Pipeline Slurry Transportation System: An Overview
Publication: Journal of Pipeline Systems Engineering and Practice
Volume 14, Issue 3
Abstract
The slurry pipeline system as the means of transportation is reviewed showing the process of transportation starting from the beneficiation of ore at the mine site to the dewatering stage at the process plant. A detailed analysis of the pipeline system for being the most cost-effective method of transportation in comparison with other modes of transportation like trucks, railway networks, barges, belt conveyors, and pneumatic pipeline systems was assessed. The parameters affecting the slurry flow behavior like solid concentration, the velocity of flow, pressure drop, particle size distribution, temperature, pH, different modal distributions, and additives were discussed along with their effects on the rheology.

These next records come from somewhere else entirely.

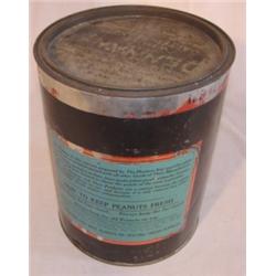 Planter's Pennant Salted Peanut tin. Stands 10 1/2" tall and has a dia. of 8 1/4". Original lid shows wear and tin body shows wear and loss to paint.
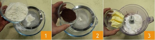 Para preparar a torta de cacau com creme de ricota e chocolate, comece pela massa de cacau; peneire a farinha 1, o cacau em pó 2 e o açúcar de confeiteiro, depois despeje os pós em um processador junto com a manteiga fria cortada em pedaços 3. Bata tudo até obter uma mistura arenosa e farinhenta,
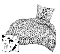 Pościel dla dziecka bawełniana 120x160 + poszewka na poduszkę 50x60 | 189bia | biało czarna | psy

Developing a model that helps in estimating the flow behavior of high-concentration slurry has been a major concern over the years with the increasing need for transporting high-density throughput, and a few models evaluating the effects were developed in the literature and discussed here. To acquire a deeper understanding of the solid-liquid slurry flow, computational fluid dynamics is commonly used as a tool for simulating the parameters governing the motion of the flow. The solid concentration distribution, velocity profile distribution, and pressure drop as the dominant factors for estimating the flow behavior are studied, along with other parameters like skin friction coefficient, shear stress distribution, turbulent viscosity, and contours of different profiles. A comparative study of experimental and simulated results was also reviewed, measuring the randomness of asymmetry between measured and predicted data.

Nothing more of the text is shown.